As far as the Hawks’ schedule change with the postponement, the Hawks know every other team in the NBA is going through the same thing, Trae Young said. They’re also trying to keep things in perspective as cases rise across the country.

“It’s been a different few days for us, not playing, but it’s nothing everybody else in the league isn’t going through,” Young said. “We’re all as a league trying to figure out what we can do to try and prevent (cases increasing around the league), so we’re all going through it and we’re all making adjustments on the fly. ... It’s definitely disappointing we didn’t get to play, but at the same time, the other issues that are going on, it’s bigger than just the game.

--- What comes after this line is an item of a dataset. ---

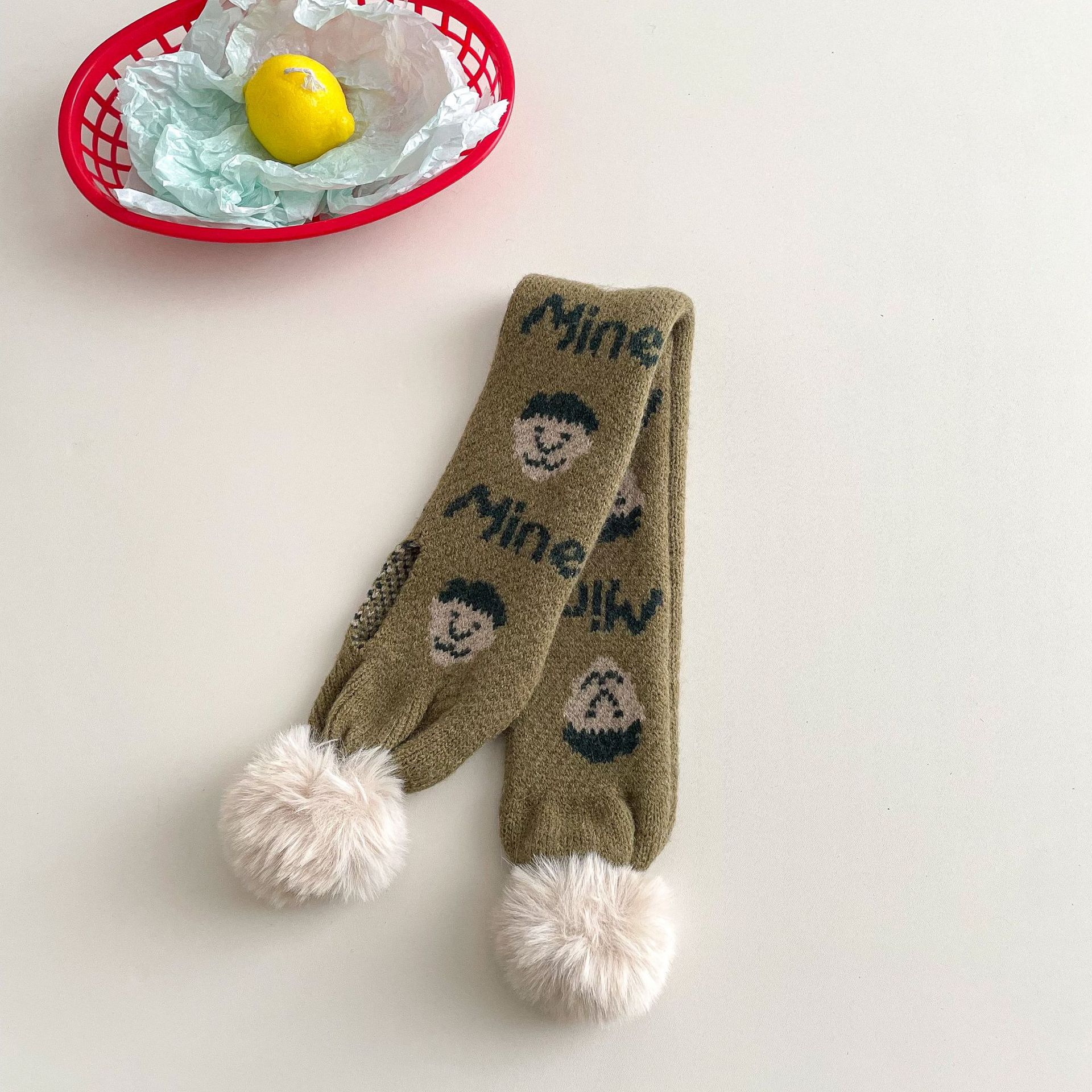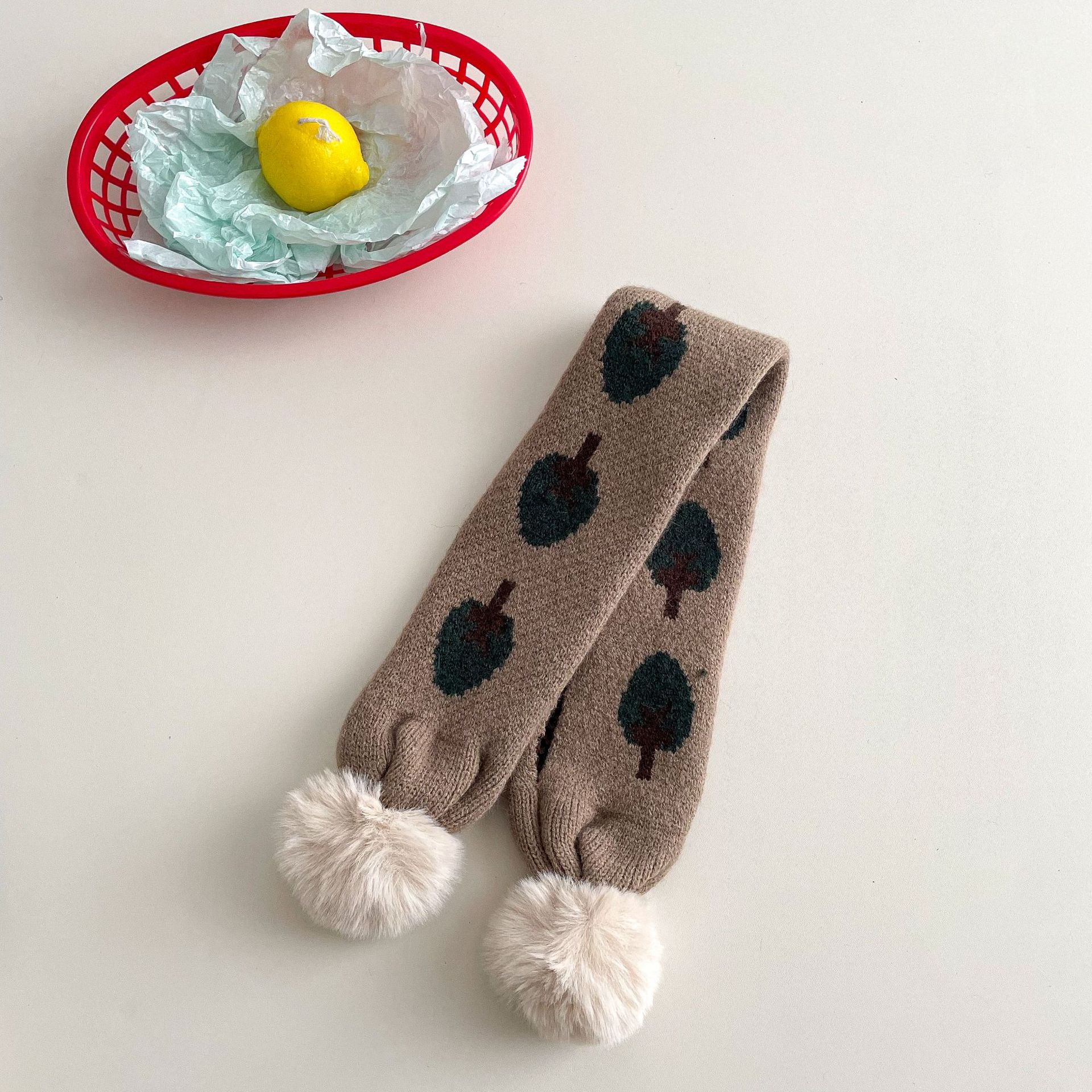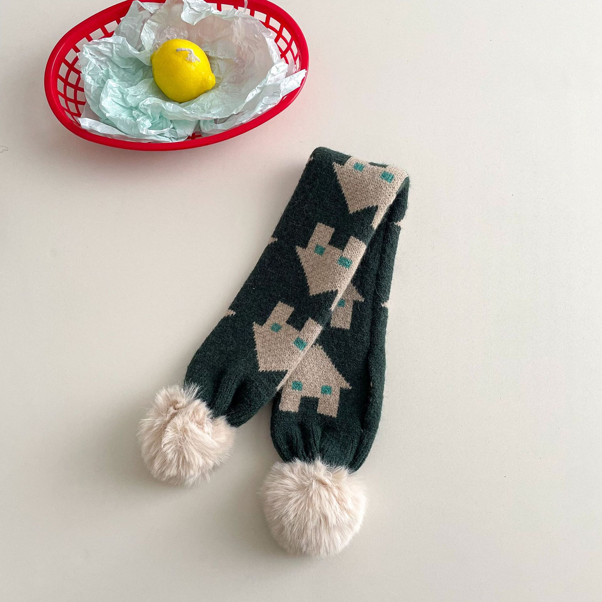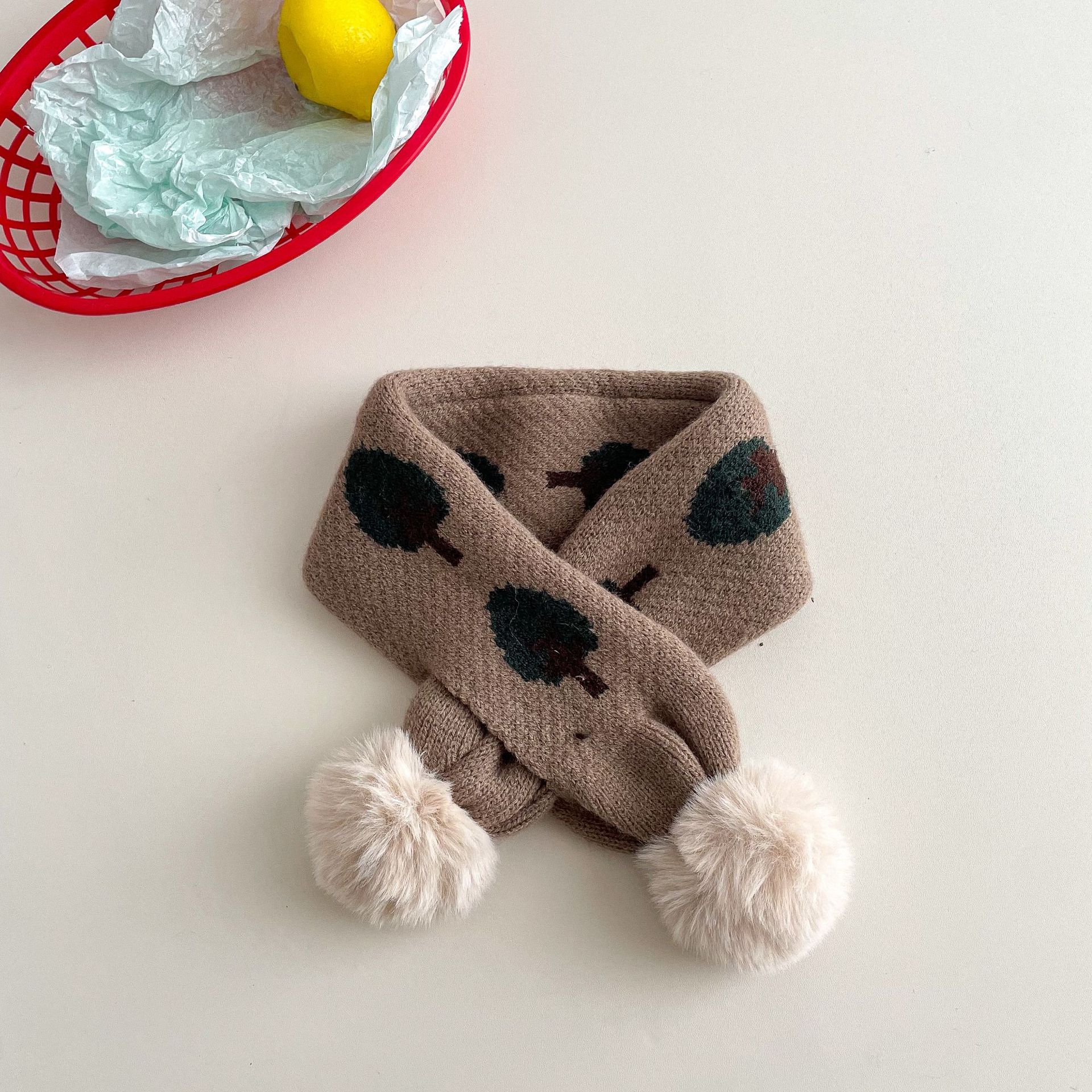 • 아동용 퍼볼 니트 스카프 - 카키 그린 트리
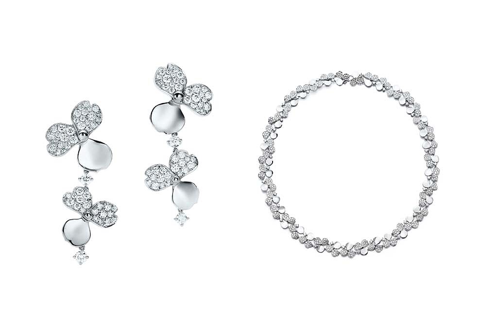 Tiffany Paper Flowers系列 花瓣設計鉑金鑲鑽垂墜耳環、花瓣設計鉑金鑲鑽頸鍊

So for us, it’s thinking about the bigger picture of it all.”

This Hawks team, which features nine new players, actually has connected more when on the road, Pierce said, because of the league’s COVID-19 limitations and protocols.

“We pass each other for breakfast and when we’re doing our testing, kind of get more touches,” Pierce said. “Normally you don’t see guys in the morning, if you don’t have a workout, so we get to see our guys in the morning, we get to converse over breakfast and we gather back together for, if it’s game day or a meeting, if it’s a non-game day like today, our travel and practice.

“And the guys have been spirited and great in the practice because they know it’s the only time that they’ll be in the gym, so you get kind of that laser-focus and attention, and we get to cover a lot more details on the court because we have to. So the road has actually been really kind to us in terms of bonding and jelling together.”

The routine from this season obviously is going to be different, Pierce added, but he thinks the Hawks are adapting well.

“I think we’ve adjusted well to it,” Pierce said. “The challenge will always be, what will we have to adjust to when something on the fly comes up, like it did yesterday.”

Up until Wednesday, the Hawks had avoided any postponements because of the coronavirus.

Although it makes the season more difficult to deal with, this wasn’t unexpected, third-year wing Kevin Huerter said, as the NBA tries to play a season outside the bubble environment it used for the 2019 season’s restart in Orlando.

“Every day is kind of different,” Huerter said Wednesday. “In some ways, we kind of expected this. The numbers tell you at some point we were going to be affected as a team, as the NBA, it wasn’t just going to be clean all the way across the board. So you kind of expected that at some point, something like this might happen. But every day is really kind of different, there is no routine right now, and again, a day like (Wednesday), a game gets canceled, all the sudden we have practice at 1:30 p.m.

“It definitely is different, especially for guys that have been in the NBA for a couple years, you have shootaround, you have pregame meals and everything’s kind of timed out. But we kind of knew this was going to be a unique year, kind of expected certain guys to be out. This coronavirus was going to affect everybody. So we’ve had to change accordingly and you just kind of deal with it.”

It does make it weird, though, fourth-year power forward John Collins said, when some people are isolating and can’t be with the team like they normally would.

“It’s something I’m getting adjusted to and trying to understand and process,” Collins said. ”Definitely been weird not having your regular group around and just being pulled away and them having to quarantine. Like I said, definitely very odd, something we’re just going to have to keep adjusting to with all the new rules they keep trying to implement. I don’t know. It’s weird.”